++++ SUPPLIED DATA

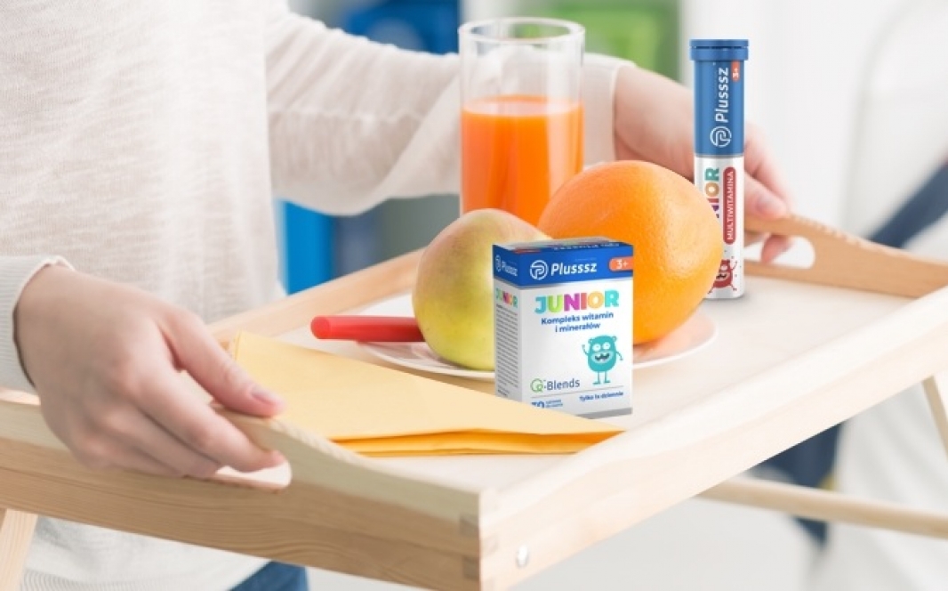 Sen i ruch to jednak nie wszystko. Po chorobie organizm dziecka jest osłabiony i wymaga solidnej dawki witamin. Ważna jest dieta bogata w warzywa i owoce, które dostarczą mu witamin - A (znajdziesz ją przede wszystkim w czerwonych i żółtych warzywach i owocach), witamin z grupy B (dostarczą jej m.in. orzechy) oraz witaminy C (obecna m.in. w natce pietruszki, cytrusach, kiwi). Wspólnie pomogą one przywrócić naszemu dziecku pełnię sił. Niestety większość małych pociech nie przepada za surowymi warzywami. Dlatego warto pomyśleć o uzupełnieniu codziennej diety suplementami. Doskonale sprawdzi się w tym przypadku Multiwitamina od Plusssz Junior. Tabletka musująca pozwoli na przyrządzenie pysznego napoju pełnego witamin, który z pewnością przypadnie Twojemu malcowi do gustu.
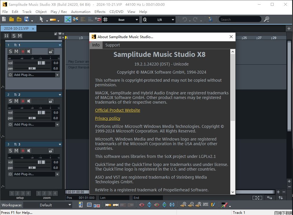 MAGIX Samplitude Music Studio X8是一款专业音乐制作软件,集音频录音、MIDI制作、缩混、母带处理等强大功能于一身,支持同时在最多16个单声道音轨或8个立体声音轨上以24位/ 96 kHz录制,支持使用32个虚拟乐器进行即兴演奏。
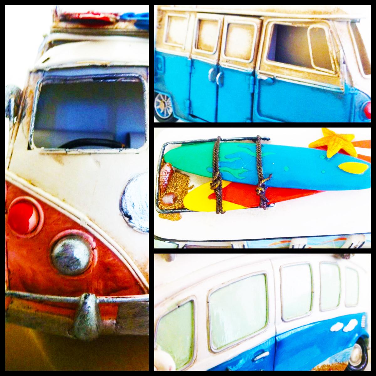 Here's a collage of photos of some of our stock, including our VW Kombi Flip Top Photo Frame and Money Box, our Kombi Metal Photo Frame with Surf Board, our large VW Kombi Money Box with Beach Gear and VW Kombi Money Box and Photo Frame.
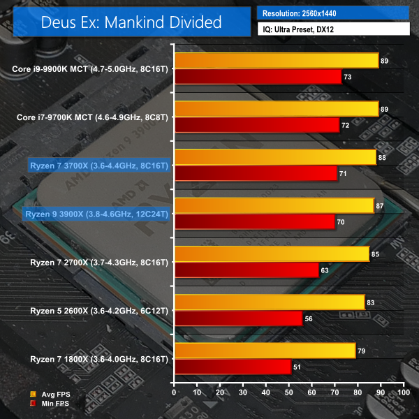 Push up to 1440p in Deus Ex and the performance difference between Coffee Lake and Ryzen 3000 disappears as the GPU struggles to cope with the enhanced demand placed on its silicon.
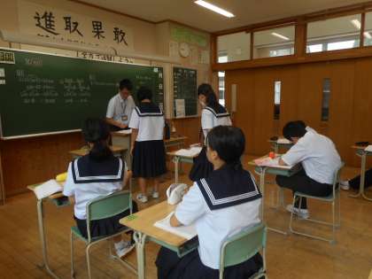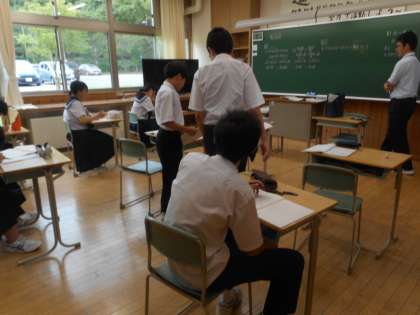 本日の授業は、「いろいろな方程式」です。基本問題から章の問題A、章の問題Bへと難易度の高い問題へ進んでいきます。理解できていない問題は教科担任と確認します。
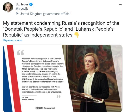 Глава британского МИД Лиз Трасс также заявила, что признание независимости "ЛДНР" означает конец "Минска" и что Путин выбрал путь конфронтации.
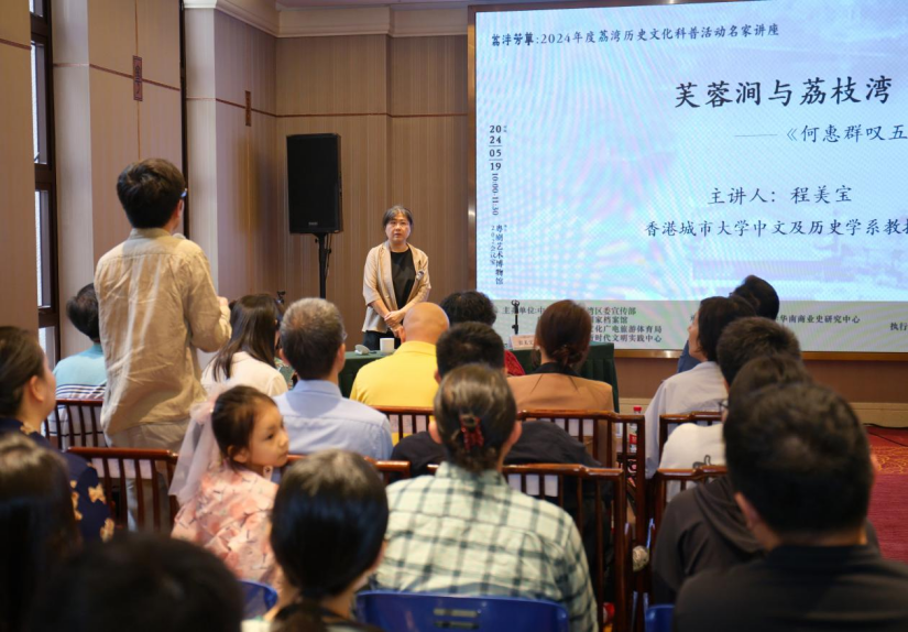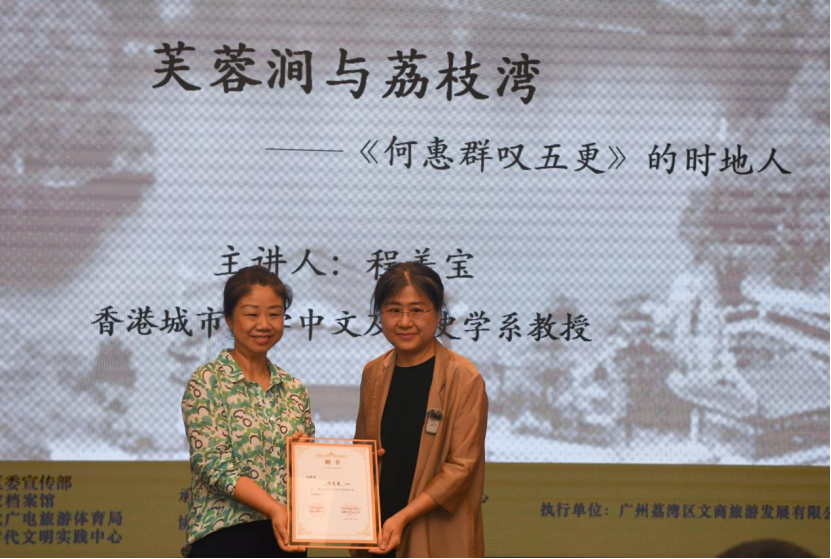 本期讲座主讲嘉宾是程美宝教授,她是香港城市大学中文及历史学教授、广东省高等学校珠江学者特聘教授(中山大学)。讲座主题为“芙蓉涧与荔枝湾:《何惠群叹五更》的时地人”,是程美宝教授的最新研究。活动上举行了荔湾历史文化研究专家的聘请仪式,为程美宝教授颁发聘书。
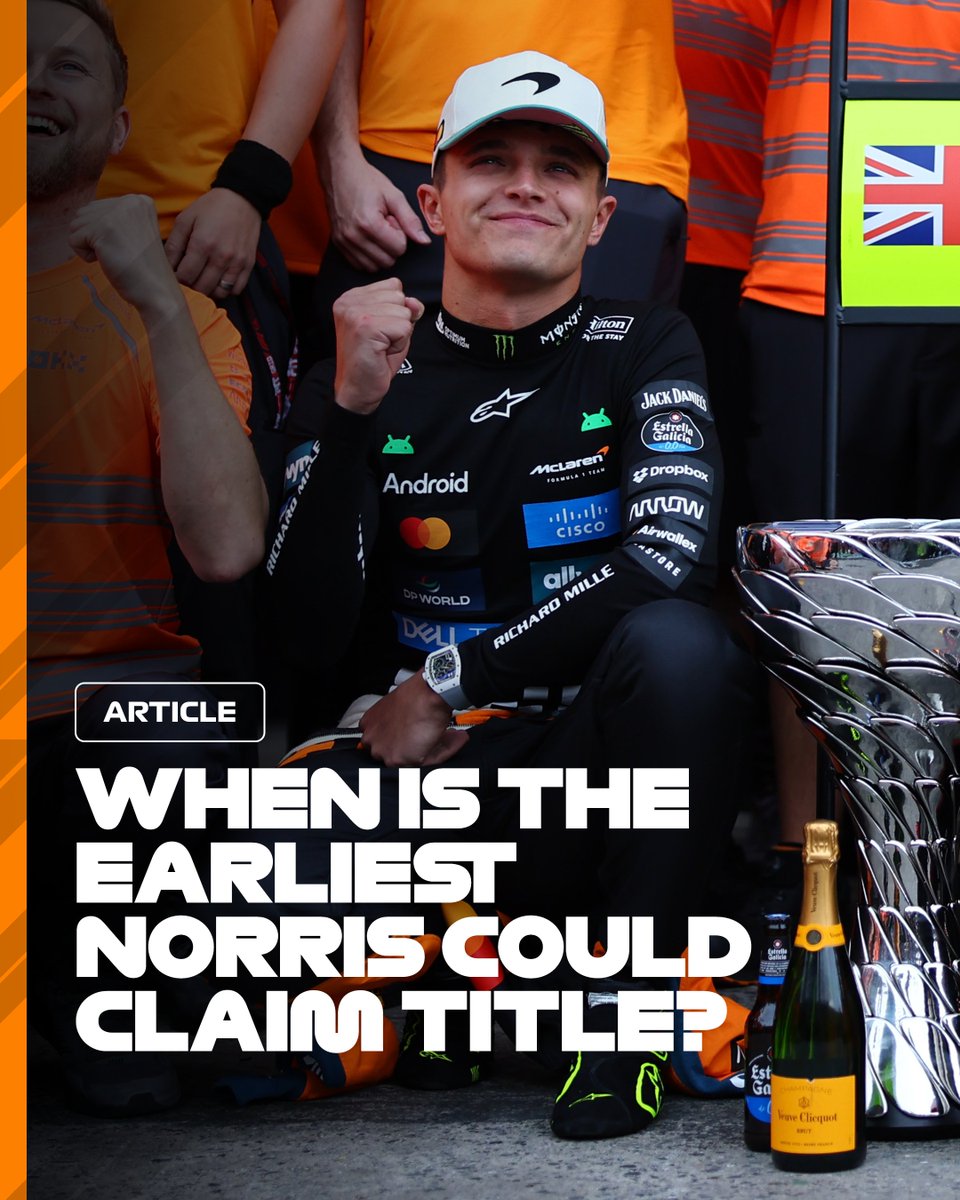 F1官方推特账号报道。兰多·诺里斯最早何时能夺得本赛季车手总冠军?在兰多墨西哥和圣保罗站连胜后,我们分析了夺冠可能性!⚔积分推算#F1
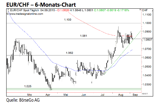 Nach einem bullishen Doppelboden auf diesem Niveau stieg der Wert ab Juli in Richtung des Widerstands bei 1,062 CHF an, der Anfang August überschritten wurde. Dieses Kaufsignal sorgte für einen steilen Anstieg an die Barriere bei 1,100 CHF. Seither konsolidiert das Paar diese Kaufwelle im Bereich des vormaligen Widerstands bei 1,081 CHF.
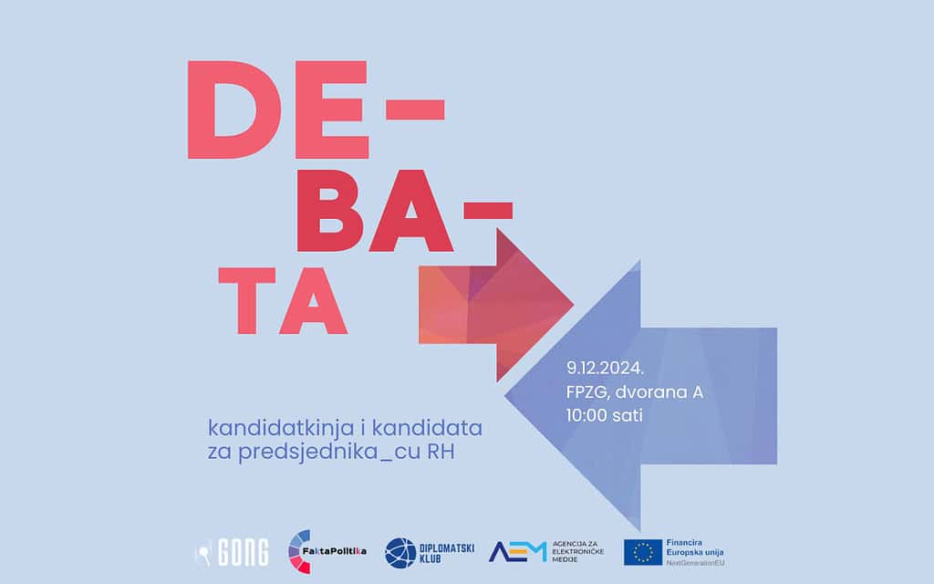 Gong, Fakultet političkih znanosti i Diplomatski klub FPZG-a organiziraju debatu kandidatkinja za predsjednika_cu Republike Hrvatske u ponedjeljak, 9. prosinca, u 10 sati, na Fakultetu političkih znanosti u Zagrebu (Trg Drage Iblera 10), u dvorani A.
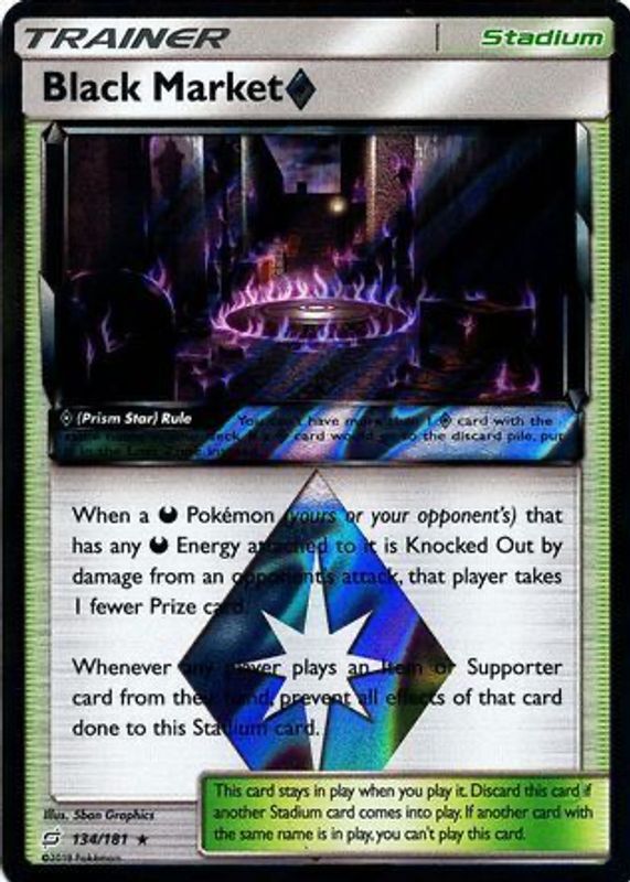 Black Market Prism Star's Pokemon cards are available in at least 2 sets. Black Market Prism Star's biggest 7-day price movers are 2019 Sun & Moon: Team Up #134/181 Holo, and 2018 Japanese Sun & Moon: Dark Order #052/052 Holo.
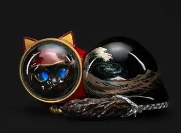《黒漆星界浮遊猫》 2026年(58.5×25×65cm、漆、銀、金、あわびほか)撮影:表恒匡 |
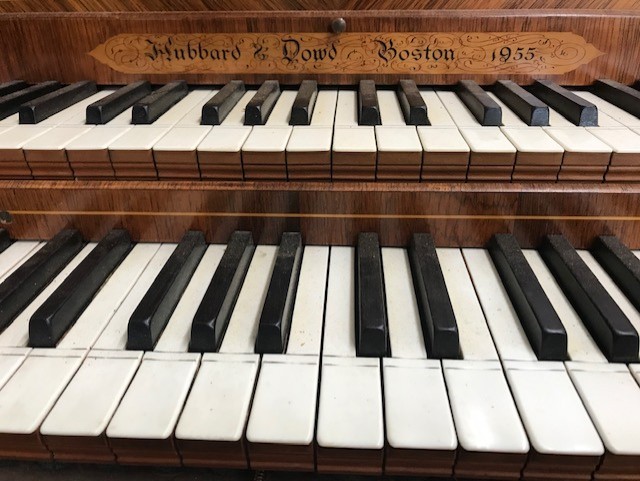 Ivory and black oak keys.

++++++++

The lines from the one containing "Black Market Prism Star's Pokemon" through the last line of the entries are to be copied exactly, both ends included, and the pictures are to be omitted.

 Black Market Prism Star's Pokemon cards are available in at least 2 sets. Black Market Prism Star's biggest 7-day price movers are 2019 Sun & Moon: Team Up #134/181 Holo, and 2018 Japanese Sun & Moon: Dark Order #052/052 Holo.
《黒漆星界浮遊猫》 2026年(58.5×25×65cm、漆、銀、金、あわびほか)撮影:表恒匡 |
 Ivory and black oak keys.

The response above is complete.